4.

Já havia passado pouco mais de uma semana desde que os gêmeos encontraram Farryn, e o tempo passado com a Matilha da Tempestade ajudou a estranha a recuperar o peso em seu corpo. Ela não era mais pele e osso esperando para definhar, mas agora começava a preencher novamente seu corpo de jovem adulta. Seu corpo estava esguio pelo trabalho que vinha fazendo para ajudar onde podia; ela insistia que, se fosse ficar, deveria ajudar. Ninguém jamais a chamou de prisioneira, a maioria dos membros da matilha era gentil com Farryn quando interagia com ela, mas outros preferiam manter distância.
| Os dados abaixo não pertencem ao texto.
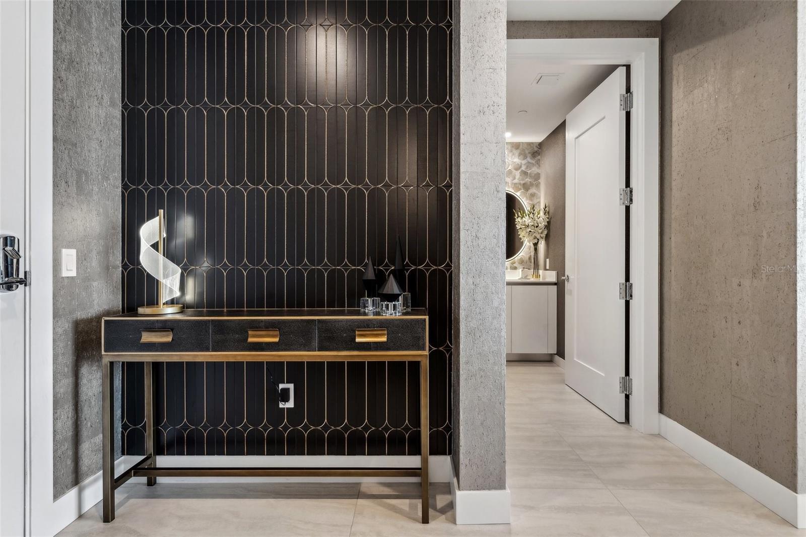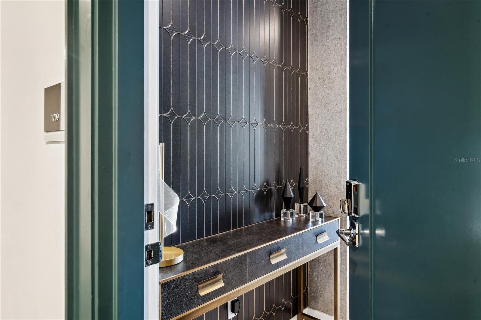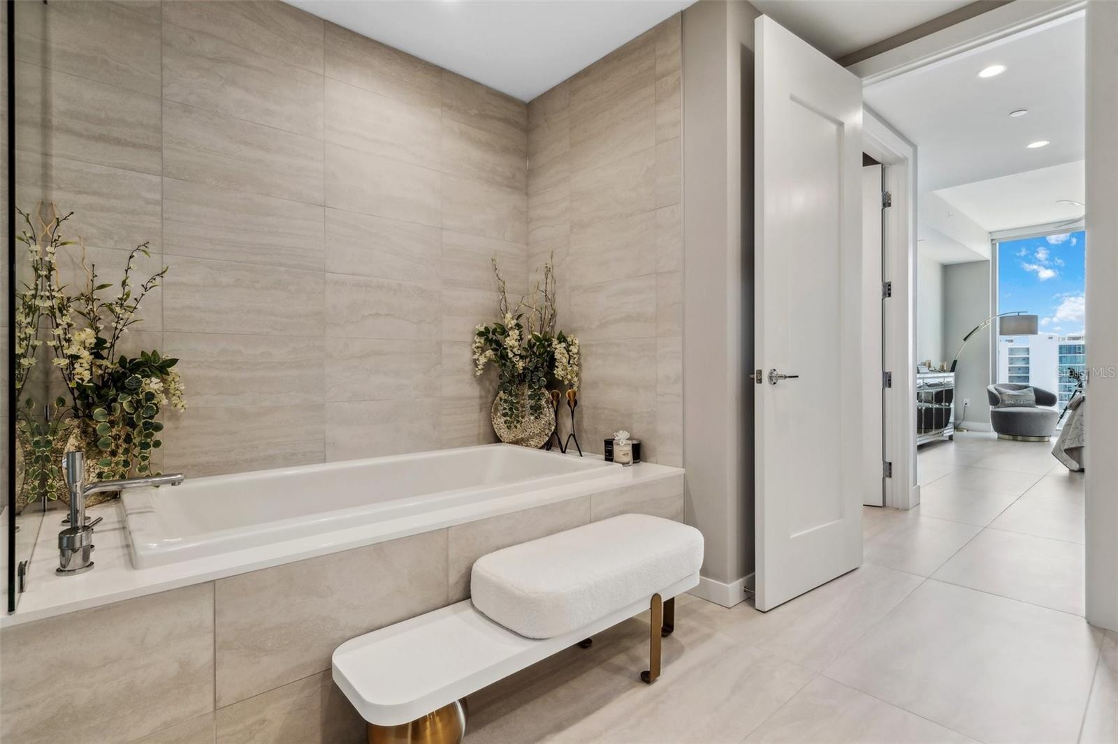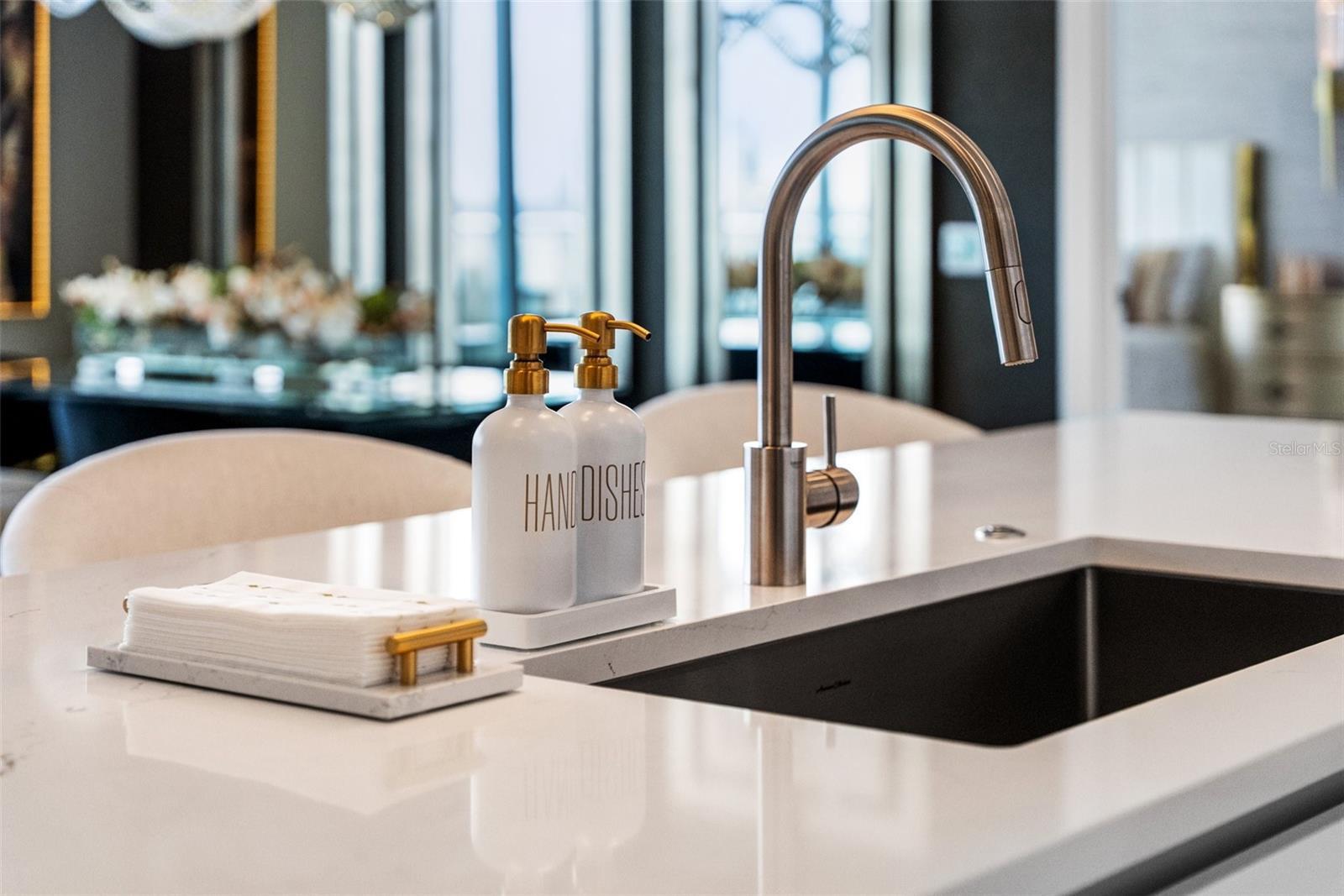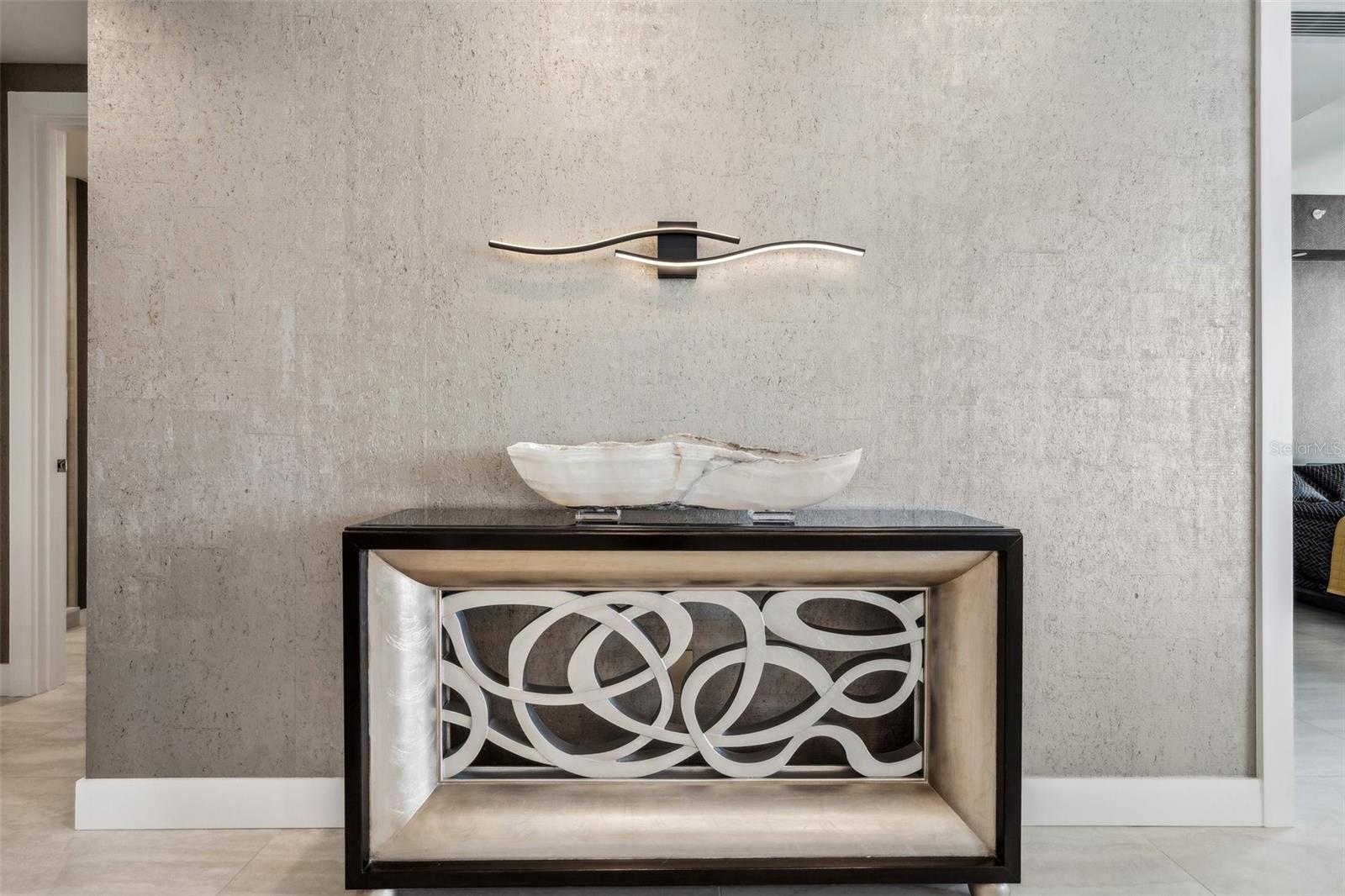 PRICE REDUCTION! OVER $250K IN DESIGNER UPGRADES! STUNNING DESIGNER CONDO WITH PANORAMIC WATER VIEWS | 17TH FLOOR | DOWNTOWN SARASOTA: Experience elevated coastal luxury in this professionally designed condo located on the 17th floor in the heart of Downtown Sarasota, just steps from the vibrant Quay Harbor. With sweeping, partial views of Sarasota Bay and the Gulf of Mexico, this residence was transformed in just 18 weeks from a blank canvas into a breathtaking, design-forward home. | From the moment you enter, you're greeted by a striking onyx and gold Italian porcelain tile foyer with raised gold detailing — a stunning introduction to the level of craftsmanship and detail found throughout. Each wall has received two coats of premium paint and is adorned with distinctive, HIGH-QUALITY EUROPEAN WALL COVERINGS that lend texture and a timeless elegance. Every room is thoughtfully curated with a neutral color palette that enhances the light, complements the views, and creates a cohesive sense of calm and sophistication. | The chef’s kitchen is both sleek and refined, boasting European cabinetry, quartz countertops, a Jenn-Air appliance suite, and a hand-cut CARRARA MARBLE AND MOTHER-OF-PEARL backsplash imported from Italy. Oak wood batten board detailing on the kitchen island flows seamlessly into the adjacent den, reinforcing the design’s intentional flow. | Every element has been thoughtfully selected, from the imported European light fixtures, chandeliers, and tile to the luxurious décor. The dining area is crowned by a showstopping chandelier adorned with 700 INDIVIDUALLY HANDSET SWAROVSKI CRYSTALS, casting a soft, radiant light that reflects off three 6-foot custom mirrors and enhances the 10-foot ceilings. | Electric shades in the Great Room, primary suite, and second bedroom provide convenience and privacy at the touch of a button. The Great Room is designed for comfort and entertainment, it currently features a reclining leather sectional and a smart media setup with a sound bar, subwoofer, Sonos speakers, and Alexa-enabled voice-command remotes. Should the new owner decide to keep things simple, furnishings mentioned are available to purchase separately. | Both the primary and secondary bedrooms include custom-designed shelving and drawer systems, providing optimal organization and maximizing storage without sacrificing elegance. The primary bath features a luxurious soaking tub—a rare feature in floor plans at BAYSO—perfect for unwinding in total relaxation. All shower floors have been expertly grouted and sealed for lasting durability. | Custom-designed outdoor furnishings and accessories (available for purchase separately) were delivered in December 2024 and January 2025, complete this refined, move-in-ready home. | Residents of this luxury building enjoy world-class amenities, including a state-of-the-art fitness center, resort-style pool, dog park, and more. Located just 3 miles from Lido Beach and steps from Sarasota’s version of Central Park—The Bay Sarasota—this prime location is close to everything you could want. Enjoy arts and culture, fine dining, and upscale shopping all nearby. Boating enthusiasts will appreciate the convenient marina just south of BAYSO for effortless access to Sarasota Bay. | NOW ACCEPTING PRIVATE APPOINTMENTS. Discover a rare blend of artistry, comfort, and breathtaking views in one of Sarasota’s most coveted locations. Furniture package available upon request.

Todos sabiam, no entanto, que o Alfa estava apenas esperando o momento certo.

No dia seguinte à chegada dos gêmeos com Farryn, ela encontrou a primeira tesoura que pôde e cortou seu cabelo que chegava até as costelas. Amelia acabou precisando ajudar no final para evitar que Farryn ficasse careca, mas os grossos fios cortados foram um peso a menos. Agora, com o cabelo logo abaixo do queixo, sua cabeça parecia mais leve. Emily nunca admitiria em voz alta, mas até ela começou a gostar da intrusa com o tempo que passaram juntas. Era quase como um Estocolmo ao contrário.

Farryn passou os dedos pelos fios mais curtos de cabelo ao sair de casa; quanto mais tempo ela ficava, mais viva a cidade se tornava. Ela percebeu, em poucos dias, que a maioria da matilha tinha saído em patrulha quando souberam que ela havia sido encontrada. Se fosse uma humana perdida, geralmente significava que mais estavam procurando, mas humanos raramente eram vistos perto do território deles, mais um motivo pelo qual era tão difícil para eles descobrirem o que Farryn realmente era.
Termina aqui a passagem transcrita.